Judul di atas adalah satu pendapat saya, setelah melihat performa Timnas Indonesia, sejak fase persiapan Piala Asia 2023, yakni melawan Libya (dua kali) dan Iran, plus takluk 1-3 di laga perdana fase grup Piala Asia 2023 melawan Irak, Senin (15/1, malam WIB).
Dari empat laga tersebut, Marselino Ferdinan dkk empat kali kalah, mencetak dua gol dan kebobolan 14 gol. Untuk ukuran sebuah tim yang sudah lama absen di Piala Asia, performa ini sebenarnya cukup bisa dimengerti.

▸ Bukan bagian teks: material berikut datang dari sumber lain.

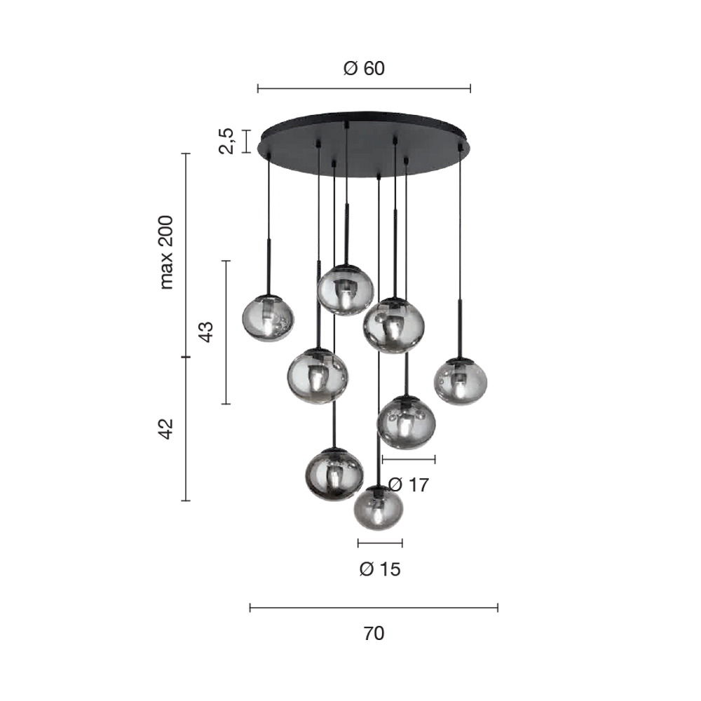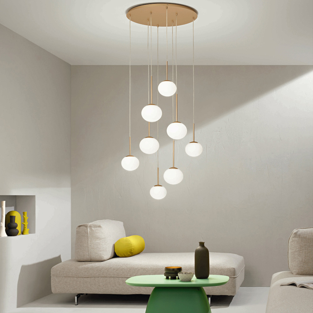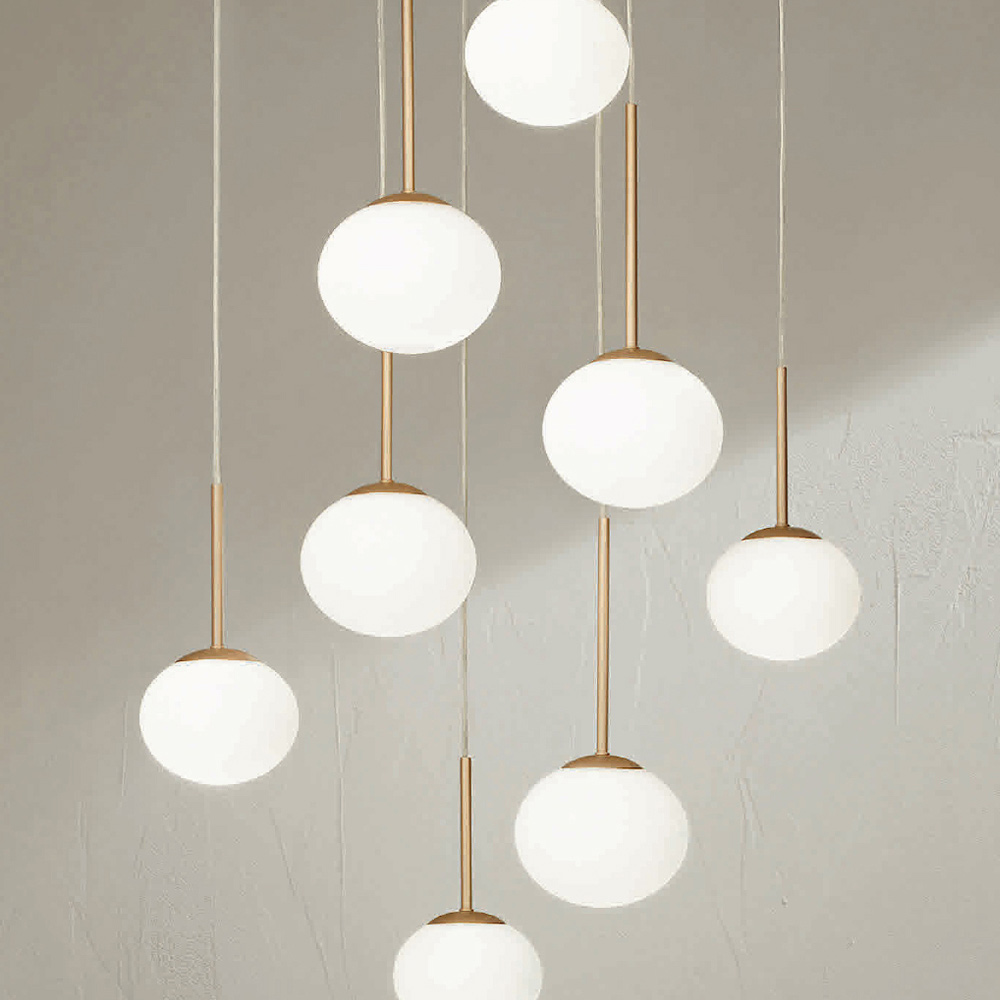 ثرياتم تصنيعها بالكامل في إيطاليا مصنوعة من المعدن المطلي والزجاج المنفوخ باللون الذهبي مع إضاءة LED وكابلات قابلة للتعديل في الطول. يهدف هذا المنتج إلى تعزيز التقاليد من خلال نهج عصري ، حيث تجتمع الأناقة والرقي والابتكار لابتكار تصاميم جديدة تُضفي على أي بيئة لمسةً من الذوق الرفيع والطابع المميز. ومن أبرز مميزاته تميز الأشكالوجودة المواد المستخدمةوتميز مصدر الإضاءة .

Apalagi, sebagian besar pemain yang didaftarkan bisa dibilang cukup minim pengalaman di tim nasional senior, apalagi di turnamen sekelas Piala Asia. Jelas, tidak banyak yang bisa diharapkan dari tim dengan "spek" seperti ini.
Tapi, seperti biasa, atas nama animo suporter dan mimpi, sebuah harapan pada akhirnya malah berbalik jadi beban berat. Padahal, ini adalah salah satu tim dengan peringkat FIFA dan rerata umur terendah di turnamen.

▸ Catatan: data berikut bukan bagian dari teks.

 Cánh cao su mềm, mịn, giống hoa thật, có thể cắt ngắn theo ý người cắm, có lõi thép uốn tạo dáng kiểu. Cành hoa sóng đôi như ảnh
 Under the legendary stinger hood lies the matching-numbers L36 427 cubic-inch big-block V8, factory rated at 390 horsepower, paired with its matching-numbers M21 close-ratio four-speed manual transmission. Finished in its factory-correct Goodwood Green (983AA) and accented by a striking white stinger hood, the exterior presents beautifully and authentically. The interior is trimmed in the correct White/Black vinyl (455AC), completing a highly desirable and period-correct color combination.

Akibat beban berat ini, tim yang baru mulai menapak level Asia jadi terlihat kesulitan. Jangankan mencetak gol, apalagi menang, bermain sebagai sebuah tim saja masih belum lancar.

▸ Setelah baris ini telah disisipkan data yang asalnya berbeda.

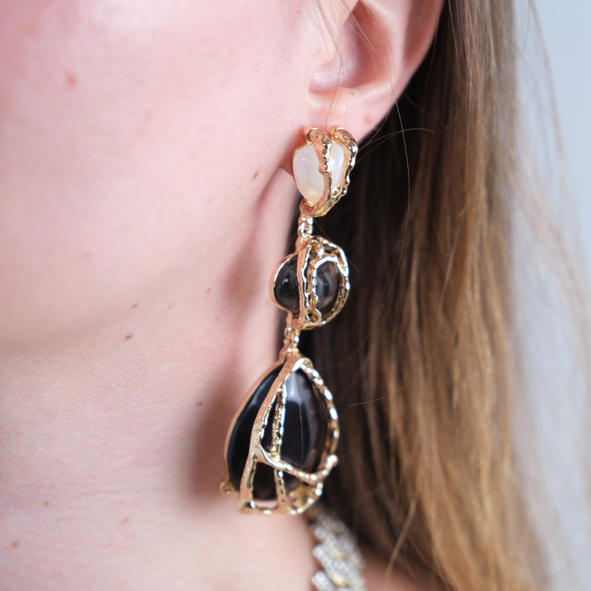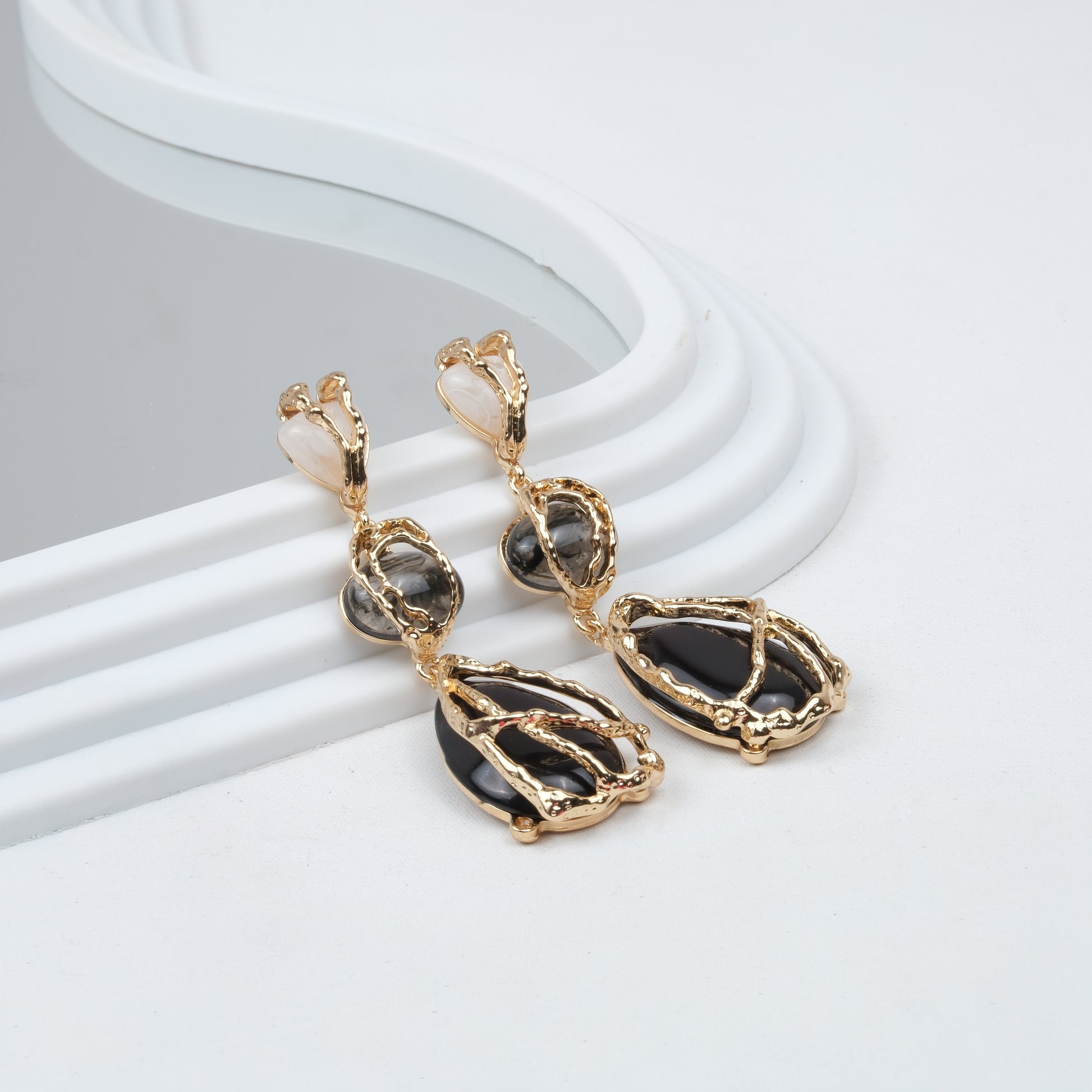 Altın Kaplama Zra Model Siyah Taşlı Küpe

Memang, ada progres dari segi peringkat FIFA dan performa, tapi semua itu jadi terlihat percuma, karena posisi 150 besar dunia ternyata tetap membuat Tim Garuda seperti pelanduk diantara gajah.
Meski sudah mampu lolos kualifikasi Piala Asia 2023, dan diperkuat beberapa pemain diaspora yang pernah atau sedang main di Eropa, perkembangan tim lain di Asia masih jadi gap yang harus dikejar.
Sebenarnya masalah ini terjadi di tim-tim Asia Tenggara secara umum, termasuk Thailand dan Vietnam yang dalam beberapa tahun terakhir biasa menjadi pesaing juara Piala AFF.
Ada gap kualitas yang masih cukup lebar saat menapak level Asia, dan gap ini masih belum sepenuhnya bisa terkejar, sekalipun sudah punya pemain diaspora yang berprofil Eropa.
Inilah kenyataan pahit yang terpaksa harus diterima, dan sekali lagi membuktikan, Piala AFF, SEA Games maupun kompetisi sejenis di level ASEAN tak banyak berguna di level Asia.